家康は京都を遠く離れ、朝廷とは全然別個に、江戸に幕府を開いたのですから、その点では鎌倉幕府に似ています。つまり家康が目標とし、手本としたのは頼朝であったのです。そう云えばこの両人は、その経歴が非常によく似ていましょう。(中略)
 然し真似ると云っても、自分の都合の良いように模倣しただけで、朝廷に対する態度などは、頼朝よりは遥かにきびしいものでした。

●朝鮮出兵は「双方の不幸」 
 秀吉の朝鮮出兵については、著者は、次のように(33〜34ページ)「我が国としては、得るところ極めて少なく、朝鮮にとっては、すこぶる迷惑な、つまり双方の不幸」と評しています。戦争に駆り出された日本の民衆にとって「不幸」なのでしょうか、侵略した権力者が失敗したことが「不幸」なのでしょうか。「唐南蛮までも皇威に服するようにしたいという希望または計画を、はっきりと述べていた」ことや300年も前の元寇について言及していますが、それらが朝鮮出兵を正当化するという意味なのでしょうか。

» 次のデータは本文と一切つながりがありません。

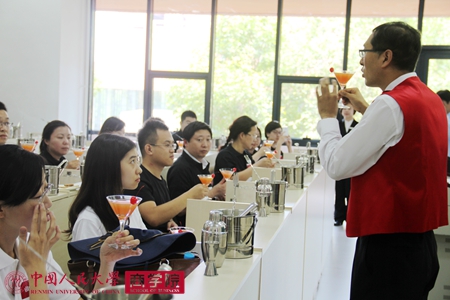 仪式后,校友们合影留念,然后在学生志愿者的带领下,兵分三路,分别体验了葡萄酒品鉴、鸡尾酒调制、西餐商务礼仪三堂增加生活幸福感的体验课程。
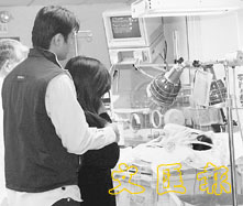 打錯疫苗的嬰兒被送往加護病房治療,聞訊而來的父母看著心愛的寶貝發生如此意外,心如刀絞。(中央社)
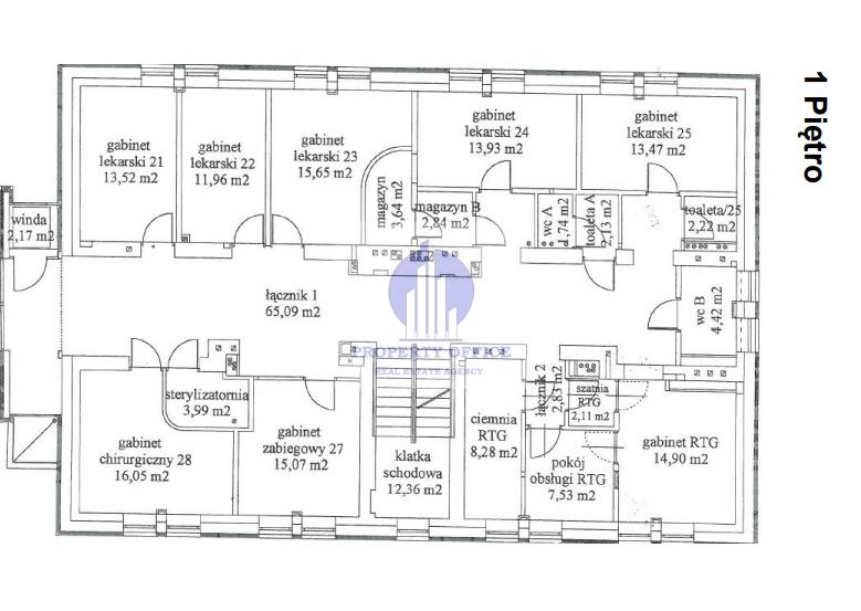 -I Piętro 233,73 m2 (7 gabinetów lekarskich, pracownia RTG, magazynek, toalety,)
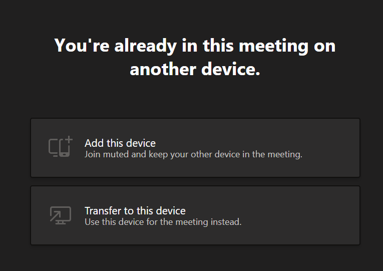 Since the recent Teams update, now when I’m in this situation, I get the below banner informing me I’m in a meeting on another device and giving me the option to join, nice!
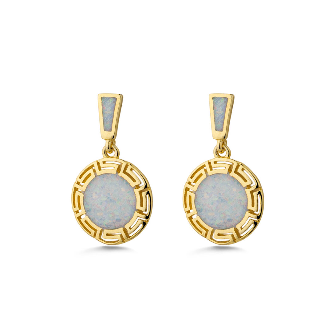 White Opal pair of earrings with Greek Key – Meander design.
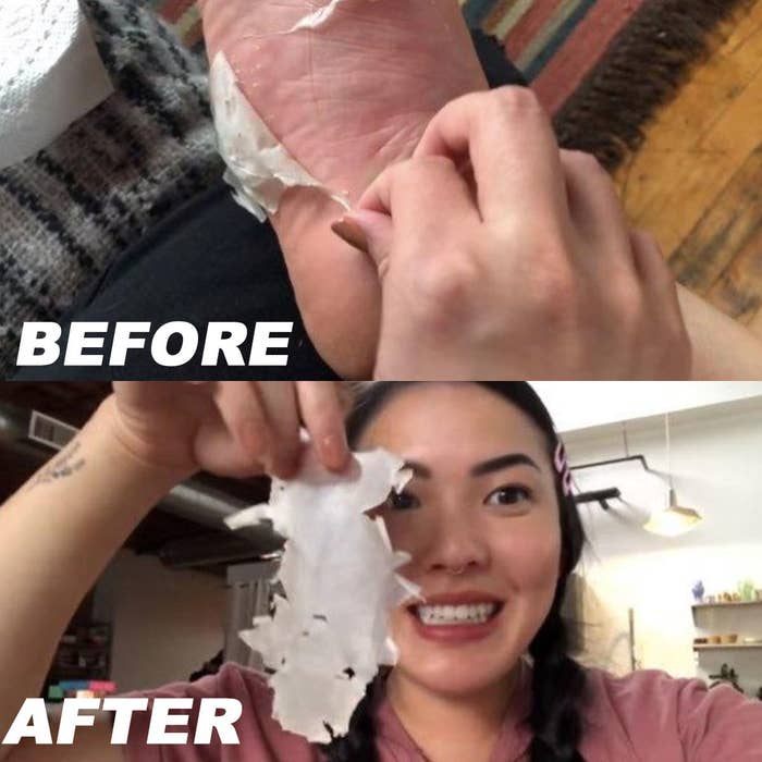 And finally, Meghan says, "I love this brand. It's affordable and comes with TWO packs. Both times I used it my feet felt brand-new. It is so worth it and beats getting a pedicure!"

 これより秀吉の亡くなるまでの八年間、最大の問題は、海外への出兵でありました。これは我が国としては、得るところ極めて少なく、朝鮮にとっては、すこぶる迷惑な、つまり双方の不幸でありました。秀吉という人は、まことに傑出した英雄でありましたが、その英雄たる本質を最もよく発揮したのは、明智及び柴田の征伐であって、後年に及んでは、その生活も乱れ、その判断も軌道をはずれるところがありました。さきには信長が、強敵がなくなって後に油断が出て、ついに身を亡ぼした悲しむべき例を見ましたが、今度は秀吉に驕りが出てきたのです。人はすべて、その全盛の日を慎まねばならないのです。ちょうど秀吉に驕りが出てき、慎みのなくなった時に、海外への出兵の起ったことは、残念でありました。しかし海外へ発展したいとの希望は、秀吉には早くからあり、また秀吉ばかりでなく、ほかの人々にもあったようです。天正五年に秀吉は信長に向って、自分には大陸で領地を与えていただきたいと言ったと伝えられ、天正十年秀吉は亀井蛙矩(これのり)を琉球守、ついで台州守に任じたというのが、それです。そして天正十四、五年からは、唐南蛮までも皇威に服するようにしたいという希望または計画を、はっきりと述べております。けだしかつて蒙古よりたびたび無礼な文書をつきつけられ、やがて前後二回大軍の侵攻を受け、それにはシナ本土の軍兵も、また朝鮮の部隊も、参加し、誘導し、協力したのでしたから、これに対する憤激が強く残り、長く伝わっていたので、それが今時機を得て、表面に現れてきたのでしょう。そして初めは朝鮮はただ通過して、直ちに明国に入るつもりであったのが、朝鮮の抵抗にあって、まずこれと戦い、ついで明の大軍と戦うこととなったのでした。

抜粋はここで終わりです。